Not all retailers track traffic
I find it amusing and ironic that when I inform executives that formal industry averages don’t exist, they are often surprised and incredulous: “What do you mean industry averages don’t exist? That can’t be!” When I point out that they don’t measure conversion rates in their own stores and that’s partly why an industry average doesn’t exist, I get blank stares and after a brief, awkward silence, the topic changes.
Conversion rates can vary significantly across categories, within categories and even across stores in the same chain. When you start to map conversion rates across a large number of retailers as I have, it becomes apparent why precise “industry averages” don’t exist. The table below shows conversion rate ranges across a number of retail categories.
These are not formal averages or firm industry or category indices, but rather general guidelines based on retailers I have worked with.
Deloitte published a white paper on customer conversion; the paper reported ranges that were substantially similar to these.
The general category ranges can provide at least a basic idea of conversion rate ranges. When I share this with retailers, some are underwhelmed. “Kind of broad, isn’t it?” I’m not sure what these retailers expected the category ranges would be, but I think at least some of them expected me to say, “The average conversion rate for your category is precisely 25%.” Unfortunately, it doesn’t work that way.
It is not useful to represent the averages by category, because there can be significant variances among retailers in any given category. In women’s apparel, we have tracked conversion rates anywhere from 5% or less to over 25%. To say the average is 15% would be misleading.
Wide variations in conversion rate
When you consider the wide spectrum of women’s apparel retailers, it’s not hard to understand the variations in conversion rate. Take two women’s apparel stores in the same mall. One store sells high-end, exclusive designer labels, and the other sells trendy, affordable and highly promoted apparel.

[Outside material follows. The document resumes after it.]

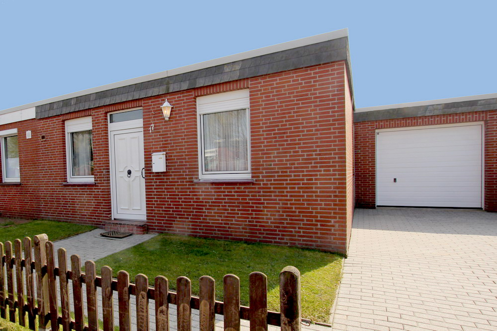 Das Haus liegt in der Bungalowferiensiedlung direkt hinterm Deich in der Straße Im Wellental, nur wenige Gehminuten von Strand, Hafen und Freibad von Dornumersiel entfernt.

The traffic and conversion rate profiles for these two stores would be very different merely by virtue of their offerings. The high-end store likely has a significantly lower conversion rate than the trendy store, as prospects visit the store looking to see the latest fashion — but ultimately are not in a position to pay the price.
The trendy store probably has much higher traffic and higher conversion, as women stream into the store to look and buy. It’s irrelevant to compare the conversion rates of these two stores – they’re too different; they’re incomparable.
But what about stores in the same chain?
While it is entirely reasonable to expect that conversion rates across chains, even chains in the same category, might have a wide range of customer conversion rates, it would seem quite reasonable to expect the conversion rates of stores within the same chain to be relatively consistent. Here we would expect to see fairly narrow gaps between low and high conversion rates.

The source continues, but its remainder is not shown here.